** What is expected **
Repeat the following entries verbatim, apart from the pictures.

Records contained in a dataset:

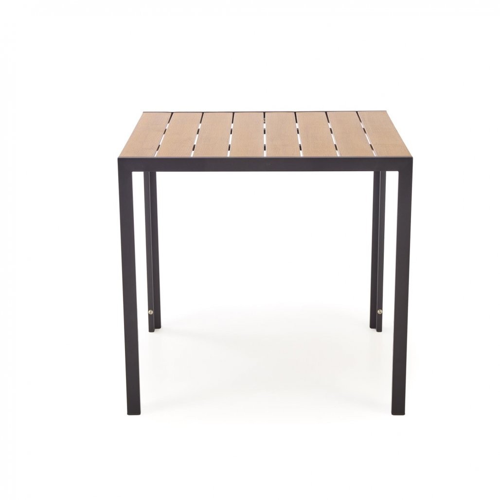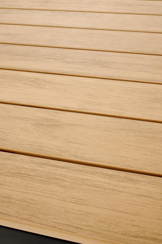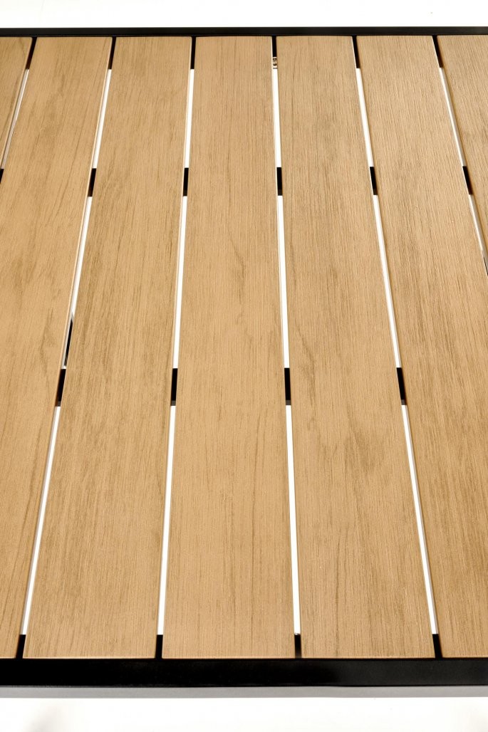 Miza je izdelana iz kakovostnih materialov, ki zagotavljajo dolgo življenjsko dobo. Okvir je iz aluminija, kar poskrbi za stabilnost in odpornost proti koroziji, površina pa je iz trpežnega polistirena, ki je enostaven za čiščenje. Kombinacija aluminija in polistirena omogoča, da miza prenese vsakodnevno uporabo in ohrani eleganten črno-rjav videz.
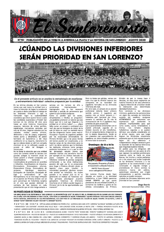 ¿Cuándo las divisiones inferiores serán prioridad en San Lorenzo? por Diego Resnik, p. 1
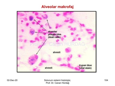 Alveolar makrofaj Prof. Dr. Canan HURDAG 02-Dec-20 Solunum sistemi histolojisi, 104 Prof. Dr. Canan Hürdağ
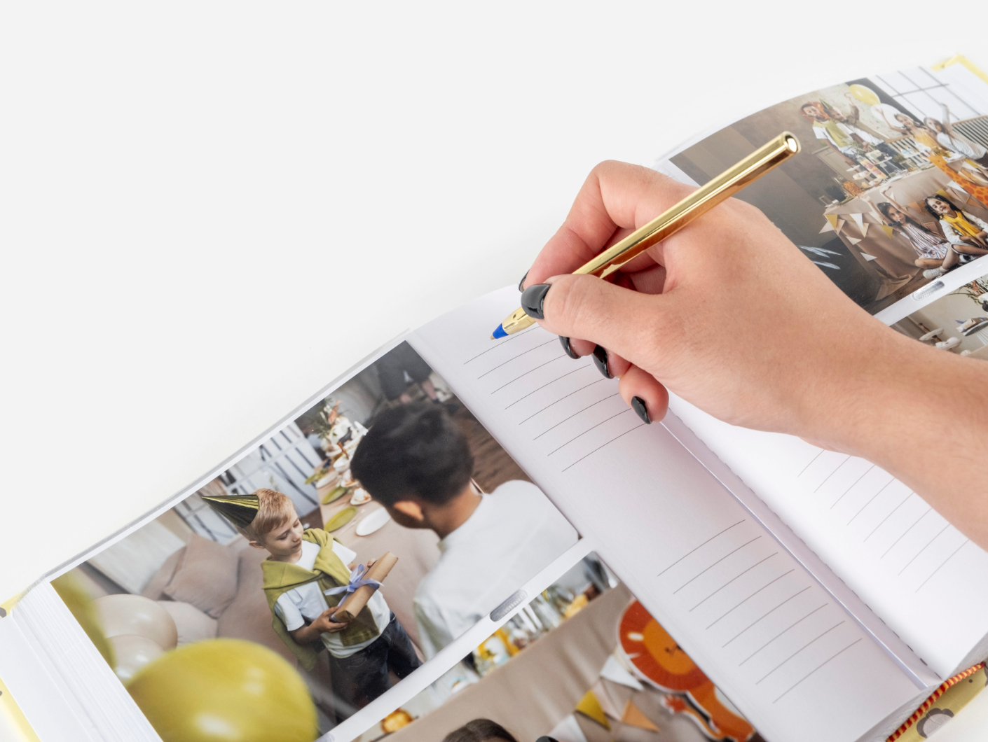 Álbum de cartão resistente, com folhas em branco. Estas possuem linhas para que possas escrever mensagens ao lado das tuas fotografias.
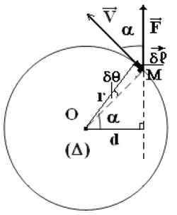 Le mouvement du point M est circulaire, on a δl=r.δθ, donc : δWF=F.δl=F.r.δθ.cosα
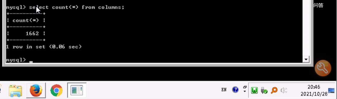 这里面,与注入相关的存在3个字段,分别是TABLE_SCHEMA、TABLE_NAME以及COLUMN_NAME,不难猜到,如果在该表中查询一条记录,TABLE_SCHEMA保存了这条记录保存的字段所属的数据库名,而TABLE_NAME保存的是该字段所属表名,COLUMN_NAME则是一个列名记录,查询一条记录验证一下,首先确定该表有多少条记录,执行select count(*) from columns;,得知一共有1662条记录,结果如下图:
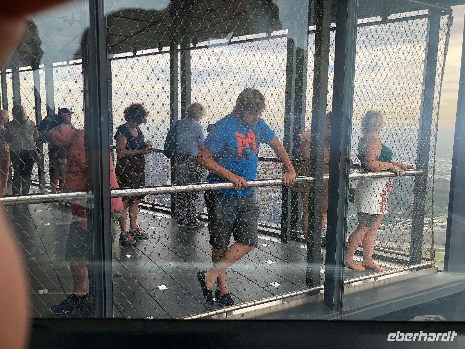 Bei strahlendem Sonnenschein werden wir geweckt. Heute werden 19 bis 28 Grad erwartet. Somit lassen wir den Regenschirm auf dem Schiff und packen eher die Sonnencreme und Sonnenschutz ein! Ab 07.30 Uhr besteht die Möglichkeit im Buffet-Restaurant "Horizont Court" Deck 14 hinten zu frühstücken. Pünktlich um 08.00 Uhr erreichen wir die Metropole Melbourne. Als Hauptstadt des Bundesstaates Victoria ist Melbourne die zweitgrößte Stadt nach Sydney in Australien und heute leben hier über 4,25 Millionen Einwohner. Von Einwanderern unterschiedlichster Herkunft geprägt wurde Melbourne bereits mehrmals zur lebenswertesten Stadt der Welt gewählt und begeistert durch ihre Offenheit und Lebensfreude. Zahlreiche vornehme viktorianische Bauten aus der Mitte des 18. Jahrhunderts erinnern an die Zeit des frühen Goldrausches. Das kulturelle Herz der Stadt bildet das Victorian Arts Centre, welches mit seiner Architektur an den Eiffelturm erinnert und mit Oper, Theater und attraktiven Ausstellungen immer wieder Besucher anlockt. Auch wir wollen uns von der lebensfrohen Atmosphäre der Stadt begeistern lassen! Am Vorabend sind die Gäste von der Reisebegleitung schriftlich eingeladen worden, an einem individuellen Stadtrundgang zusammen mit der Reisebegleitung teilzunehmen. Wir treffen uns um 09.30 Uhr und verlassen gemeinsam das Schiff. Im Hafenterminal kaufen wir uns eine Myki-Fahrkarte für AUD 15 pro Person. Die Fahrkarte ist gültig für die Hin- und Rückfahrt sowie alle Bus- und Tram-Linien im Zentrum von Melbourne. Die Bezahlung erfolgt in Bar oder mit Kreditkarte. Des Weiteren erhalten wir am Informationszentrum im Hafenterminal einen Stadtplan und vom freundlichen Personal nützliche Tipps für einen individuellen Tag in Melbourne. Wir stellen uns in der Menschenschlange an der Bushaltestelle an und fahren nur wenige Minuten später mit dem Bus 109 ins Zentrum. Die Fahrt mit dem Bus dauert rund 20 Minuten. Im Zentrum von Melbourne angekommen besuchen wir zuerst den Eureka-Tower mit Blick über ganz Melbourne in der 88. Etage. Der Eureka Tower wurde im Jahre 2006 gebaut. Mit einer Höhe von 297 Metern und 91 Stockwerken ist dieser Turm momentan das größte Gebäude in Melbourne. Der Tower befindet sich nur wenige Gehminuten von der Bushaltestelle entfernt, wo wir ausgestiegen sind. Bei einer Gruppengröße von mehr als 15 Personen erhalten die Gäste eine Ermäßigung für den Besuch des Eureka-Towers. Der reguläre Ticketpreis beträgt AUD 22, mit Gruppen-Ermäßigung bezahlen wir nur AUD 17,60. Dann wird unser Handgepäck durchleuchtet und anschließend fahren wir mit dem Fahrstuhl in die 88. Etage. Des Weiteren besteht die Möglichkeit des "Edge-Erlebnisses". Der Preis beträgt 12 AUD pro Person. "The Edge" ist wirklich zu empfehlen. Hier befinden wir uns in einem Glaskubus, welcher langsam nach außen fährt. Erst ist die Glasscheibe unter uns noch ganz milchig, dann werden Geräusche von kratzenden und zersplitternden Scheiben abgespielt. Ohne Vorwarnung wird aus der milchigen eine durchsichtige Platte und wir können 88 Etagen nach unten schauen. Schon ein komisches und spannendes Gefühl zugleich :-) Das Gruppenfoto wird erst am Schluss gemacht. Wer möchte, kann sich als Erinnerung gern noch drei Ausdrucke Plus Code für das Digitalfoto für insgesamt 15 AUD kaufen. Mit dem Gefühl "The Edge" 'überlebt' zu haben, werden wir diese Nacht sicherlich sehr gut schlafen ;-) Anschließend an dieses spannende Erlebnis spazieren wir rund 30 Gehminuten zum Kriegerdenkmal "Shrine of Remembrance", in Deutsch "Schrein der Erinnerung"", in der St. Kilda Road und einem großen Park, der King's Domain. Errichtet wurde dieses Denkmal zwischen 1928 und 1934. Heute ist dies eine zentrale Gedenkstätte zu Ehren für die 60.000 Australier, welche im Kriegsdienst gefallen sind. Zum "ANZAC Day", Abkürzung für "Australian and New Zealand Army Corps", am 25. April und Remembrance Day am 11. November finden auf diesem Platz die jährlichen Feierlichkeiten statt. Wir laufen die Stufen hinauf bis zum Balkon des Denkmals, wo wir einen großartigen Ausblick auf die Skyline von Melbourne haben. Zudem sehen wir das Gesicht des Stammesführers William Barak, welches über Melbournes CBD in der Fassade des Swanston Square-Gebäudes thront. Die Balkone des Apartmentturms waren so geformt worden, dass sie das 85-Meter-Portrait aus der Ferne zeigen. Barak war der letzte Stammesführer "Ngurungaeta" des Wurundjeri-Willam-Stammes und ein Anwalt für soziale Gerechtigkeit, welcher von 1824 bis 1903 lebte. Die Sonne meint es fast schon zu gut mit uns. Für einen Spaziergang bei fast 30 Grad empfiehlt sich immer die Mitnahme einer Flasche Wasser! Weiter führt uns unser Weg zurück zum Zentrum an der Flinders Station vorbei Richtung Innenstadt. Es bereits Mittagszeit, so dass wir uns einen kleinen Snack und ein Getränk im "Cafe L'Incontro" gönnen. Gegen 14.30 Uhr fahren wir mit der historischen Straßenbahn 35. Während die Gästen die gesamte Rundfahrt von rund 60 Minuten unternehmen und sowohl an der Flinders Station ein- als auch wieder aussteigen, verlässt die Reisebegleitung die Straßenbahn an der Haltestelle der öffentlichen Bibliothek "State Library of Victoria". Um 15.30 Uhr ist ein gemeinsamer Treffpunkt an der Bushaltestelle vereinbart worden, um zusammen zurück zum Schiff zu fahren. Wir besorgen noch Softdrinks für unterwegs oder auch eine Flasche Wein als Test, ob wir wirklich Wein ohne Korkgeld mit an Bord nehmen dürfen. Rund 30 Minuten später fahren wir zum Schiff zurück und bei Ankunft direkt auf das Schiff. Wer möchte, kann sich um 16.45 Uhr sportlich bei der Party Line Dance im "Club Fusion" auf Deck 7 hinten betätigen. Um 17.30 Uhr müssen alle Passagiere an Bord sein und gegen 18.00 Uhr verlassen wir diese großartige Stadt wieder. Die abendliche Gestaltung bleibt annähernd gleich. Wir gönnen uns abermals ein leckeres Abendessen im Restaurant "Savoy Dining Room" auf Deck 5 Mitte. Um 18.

** Exercise output **
 Miza je izdelana iz kakovostnih materialov, ki zagotavljajo dolgo življenjsko dobo. Okvir je iz aluminija, kar poskrbi za stabilnost in odpornost proti koroziji, površina pa je iz trpežnega polistirena, ki je enostaven za čiščenje. Kombinacija aluminija in polistirena omogoča, da miza prenese vsakodnevno uporabo in ohrani eleganten črno-rjav videz.
 ¿Cuándo las divisiones inferiores serán prioridad en San Lorenzo? por Diego Resnik, p. 1
 Alveolar makrofaj Prof. Dr. Canan HURDAG 02-Dec-20 Solunum sistemi histolojisi, 104 Prof. Dr. Canan Hürdağ
 Álbum de cartão resistente, com folhas em branco. Estas possuem linhas para que possas escrever mensagens ao lado das tuas fotografias.
 Le mouvement du point M est circulaire, on a δl=r.δθ, donc : δWF=F.δl=F.r.δθ.cosα
 这里面,与注入相关的存在3个字段,分别是TABLE_SCHEMA、TABLE_NAME以及COLUMN_NAME,不难猜到,如果在该表中查询一条记录,TABLE_SCHEMA保存了这条记录保存的字段所属的数据库名,而TABLE_NAME保存的是该字段所属表名,COLUMN_NAME则是一个列名记录,查询一条记录验证一下,首先确定该表有多少条记录,执行select count(*) from columns;,得知一共有1662条记录,结果如下图:
 Bei strahlendem Sonnenschein werden wir geweckt. Heute werden 19 bis 28 Grad erwartet. Somit lassen wir den Regenschirm auf dem Schiff und packen eher die Sonnencreme und Sonnenschutz ein! Ab 07.30 Uhr besteht die Möglichkeit im Buffet-Restaurant "Horizont Court" Deck 14 hinten zu frühstücken. Pünktlich um 08.00 Uhr erreichen wir die Metropole Melbourne. Als Hauptstadt des Bundesstaates Victoria ist Melbourne die zweitgrößte Stadt nach Sydney in Australien und heute leben hier über 4,25 Millionen Einwohner. Von Einwanderern unterschiedlichster Herkunft geprägt wurde Melbourne bereits mehrmals zur lebenswertesten Stadt der Welt gewählt und begeistert durch ihre Offenheit und Lebensfreude. Zahlreiche vornehme viktorianische Bauten aus der Mitte des 18. Jahrhunderts erinnern an die Zeit des frühen Goldrausches. Das kulturelle Herz der Stadt bildet das Victorian Arts Centre, welches mit seiner Architektur an den Eiffelturm erinnert und mit Oper, Theater und attraktiven Ausstellungen immer wieder Besucher anlockt. Auch wir wollen uns von der lebensfrohen Atmosphäre der Stadt begeistern lassen! Am Vorabend sind die Gäste von der Reisebegleitung schriftlich eingeladen worden, an einem individuellen Stadtrundgang zusammen mit der Reisebegleitung teilzunehmen. Wir treffen uns um 09.30 Uhr und verlassen gemeinsam das Schiff. Im Hafenterminal kaufen wir uns eine Myki-Fahrkarte für AUD 15 pro Person. Die Fahrkarte ist gültig für die Hin- und Rückfahrt sowie alle Bus- und Tram-Linien im Zentrum von Melbourne. Die Bezahlung erfolgt in Bar oder mit Kreditkarte. Des Weiteren erhalten wir am Informationszentrum im Hafenterminal einen Stadtplan und vom freundlichen Personal nützliche Tipps für einen individuellen Tag in Melbourne. Wir stellen uns in der Menschenschlange an der Bushaltestelle an und fahren nur wenige Minuten später mit dem Bus 109 ins Zentrum. Die Fahrt mit dem Bus dauert rund 20 Minuten. Im Zentrum von Melbourne angekommen besuchen wir zuerst den Eureka-Tower mit Blick über ganz Melbourne in der 88. Etage. Der Eureka Tower wurde im Jahre 2006 gebaut. Mit einer Höhe von 297 Metern und 91 Stockwerken ist dieser Turm momentan das größte Gebäude in Melbourne. Der Tower befindet sich nur wenige Gehminuten von der Bushaltestelle entfernt, wo wir ausgestiegen sind. Bei einer Gruppengröße von mehr als 15 Personen erhalten die Gäste eine Ermäßigung für den Besuch des Eureka-Towers. Der reguläre Ticketpreis beträgt AUD 22, mit Gruppen-Ermäßigung bezahlen wir nur AUD 17,60. Dann wird unser Handgepäck durchleuchtet und anschließend fahren wir mit dem Fahrstuhl in die 88. Etage. Des Weiteren besteht die Möglichkeit des "Edge-Erlebnisses". Der Preis beträgt 12 AUD pro Person. "The Edge" ist wirklich zu empfehlen. Hier befinden wir uns in einem Glaskubus, welcher langsam nach außen fährt. Erst ist die Glasscheibe unter uns noch ganz milchig, dann werden Geräusche von kratzenden und zersplitternden Scheiben abgespielt. Ohne Vorwarnung wird aus der milchigen eine durchsichtige Platte und wir können 88 Etagen nach unten schauen. Schon ein komisches und spannendes Gefühl zugleich :-) Das Gruppenfoto wird erst am Schluss gemacht. Wer möchte, kann sich als Erinnerung gern noch drei Ausdrucke Plus Code für das Digitalfoto für insgesamt 15 AUD kaufen. Mit dem Gefühl "The Edge" 'überlebt' zu haben, werden wir diese Nacht sicherlich sehr gut schlafen ;-) Anschließend an dieses spannende Erlebnis spazieren wir rund 30 Gehminuten zum Kriegerdenkmal "Shrine of Remembrance", in Deutsch "Schrein der Erinnerung"", in der St. Kilda Road und einem großen Park, der King's Domain. Errichtet wurde dieses Denkmal zwischen 1928 und 1934. Heute ist dies eine zentrale Gedenkstätte zu Ehren für die 60.000 Australier, welche im Kriegsdienst gefallen sind. Zum "ANZAC Day", Abkürzung für "Australian and New Zealand Army Corps", am 25. April und Remembrance Day am 11. November finden auf diesem Platz die jährlichen Feierlichkeiten statt. Wir laufen die Stufen hinauf bis zum Balkon des Denkmals, wo wir einen großartigen Ausblick auf die Skyline von Melbourne haben. Zudem sehen wir das Gesicht des Stammesführers William Barak, welches über Melbournes CBD in der Fassade des Swanston Square-Gebäudes thront. Die Balkone des Apartmentturms waren so geformt worden, dass sie das 85-Meter-Portrait aus der Ferne zeigen. Barak war der letzte Stammesführer "Ngurungaeta" des Wurundjeri-Willam-Stammes und ein Anwalt für soziale Gerechtigkeit, welcher von 1824 bis 1903 lebte. Die Sonne meint es fast schon zu gut mit uns. Für einen Spaziergang bei fast 30 Grad empfiehlt sich immer die Mitnahme einer Flasche Wasser! Weiter führt uns unser Weg zurück zum Zentrum an der Flinders Station vorbei Richtung Innenstadt. Es bereits Mittagszeit, so dass wir uns einen kleinen Snack und ein Getränk im "Cafe L'Incontro" gönnen. Gegen 14.30 Uhr fahren wir mit der historischen Straßenbahn 35. Während die Gästen die gesamte Rundfahrt von rund 60 Minuten unternehmen und sowohl an der Flinders Station ein- als auch wieder aussteigen, verlässt die Reisebegleitung die Straßenbahn an der Haltestelle der öffentlichen Bibliothek "State Library of Victoria". Um 15.30 Uhr ist ein gemeinsamer Treffpunkt an der Bushaltestelle vereinbart worden, um zusammen zurück zum Schiff zu fahren. Wir besorgen noch Softdrinks für unterwegs oder auch eine Flasche Wein als Test, ob wir wirklich Wein ohne Korkgeld mit an Bord nehmen dürfen. Rund 30 Minuten später fahren wir zum Schiff zurück und bei Ankunft direkt auf das Schiff. Wer möchte, kann sich um 16.45 Uhr sportlich bei der Party Line Dance im "Club Fusion" auf Deck 7 hinten betätigen. Um 17.30 Uhr müssen alle Passagiere an Bord sein und gegen 18.00 Uhr verlassen wir diese großartige Stadt wieder. Die abendliche Gestaltung bleibt annähernd gleich. Wir gönnen uns abermals ein leckeres Abendessen im Restaurant "Savoy Dining Room" auf Deck 5 Mitte. Um 18.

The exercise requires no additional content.